- [MATERIAL PROVIDED]:
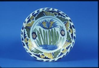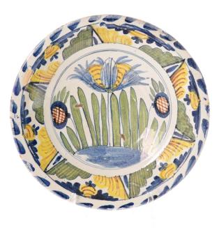 DescriptionColours are from cobalt, antimony, mixed with copper, iron , tin glaze
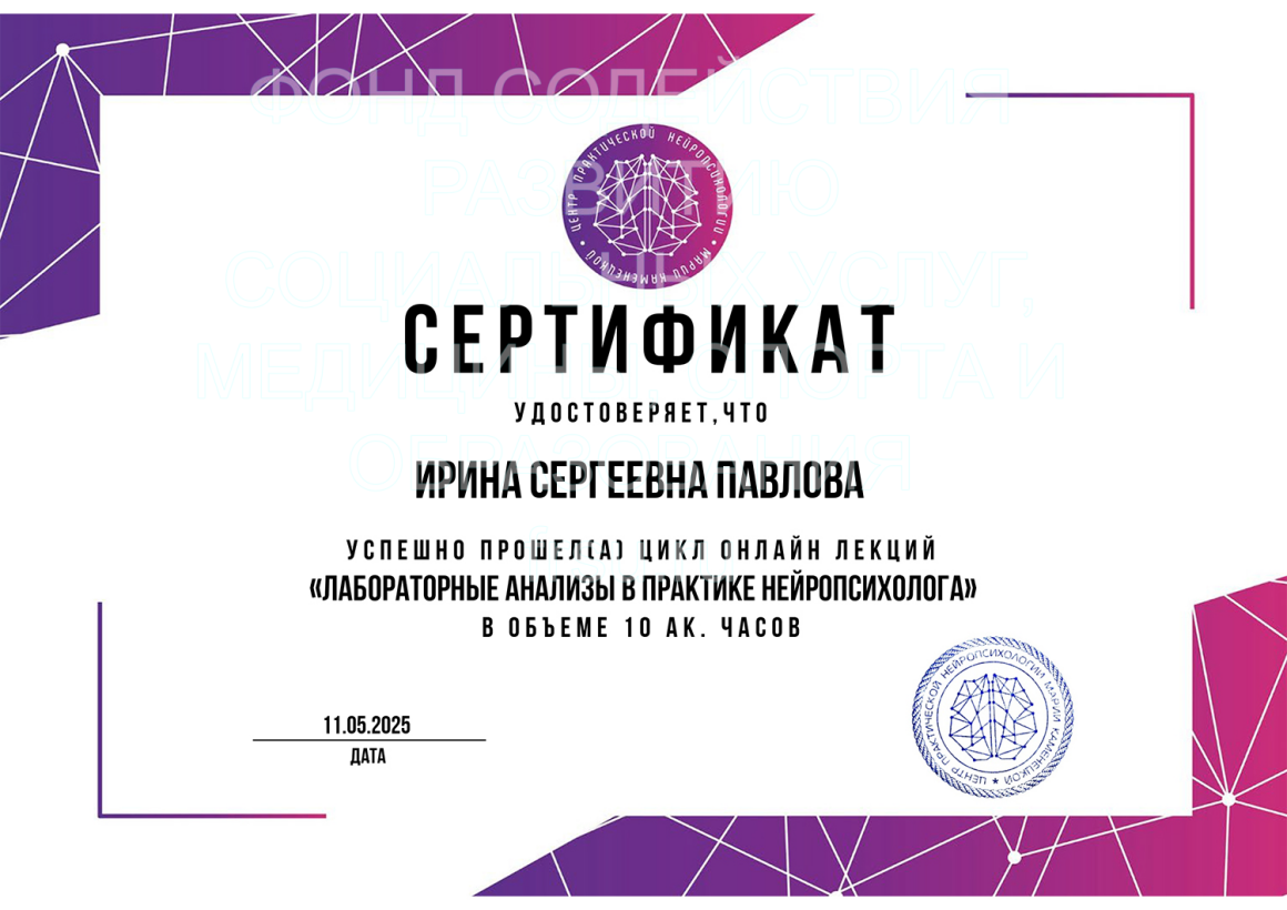 2025 г. - Центр практической нейропсихологии Марии Каменецкой “Лабораторные анализы в практике нейропсихолога”.
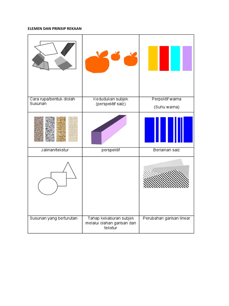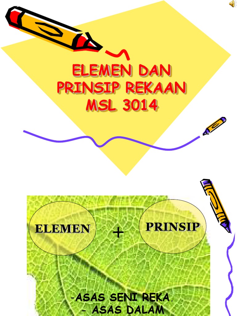 Di dalam disiplin seni visual, aspek formalnya terbahagi kepada dua perkara iaitu unsur /elemen seni visual dan prinsip seni visual. Text of bab 1 elemen dan prinsip senireka. Jendela merupakan elemen dari desain arsitektur dan interior yang menghubungkan, baik secara visual dan fisik, satu ruang ke ruang lain maupun bagian dalam ruangan dengan ruang luar seperti halaman ataupun view lainnya. Jendela merupakan salah satu bagian terang pada dinding sebagai. Pengulangan elemen seperti warna, jalinan, nilai dan sebagainya memberi penyesuaian kepada pertentangan yang wujud.
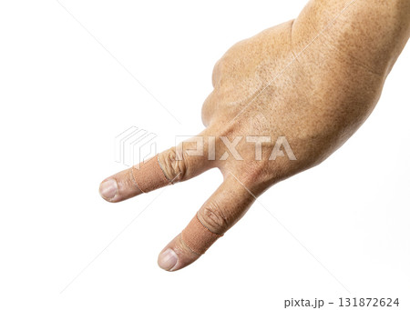 Hand with two fingers extended, each wrapped in bandages, is shown against white background. gesture resembles peace sign or number two. skin tone is light brown

- [EXERCISE PROMPT]: Without any of its pictures, the listing is to be repeated exactly as it stands.

- [SOLUTION FOR THIS TASK]:
 DescriptionColours are from cobalt, antimony, mixed with copper, iron , tin glaze
 2025 г. - Центр практической нейропсихологии Марии Каменецкой “Лабораторные анализы в практике нейропсихолога”.
 Di dalam disiplin seni visual, aspek formalnya terbahagi kepada dua perkara iaitu unsur /elemen seni visual dan prinsip seni visual. Text of bab 1 elemen dan prinsip senireka. Jendela merupakan elemen dari desain arsitektur dan interior yang menghubungkan, baik secara visual dan fisik, satu ruang ke ruang lain maupun bagian dalam ruangan dengan ruang luar seperti halaman ataupun view lainnya. Jendela merupakan salah satu bagian terang pada dinding sebagai. Pengulangan elemen seperti warna, jalinan, nilai dan sebagainya memberi penyesuaian kepada pertentangan yang wujud.
 Hand with two fingers extended, each wrapped in bandages, is shown against white background. gesture resembles peace sign or number two. skin tone is light brown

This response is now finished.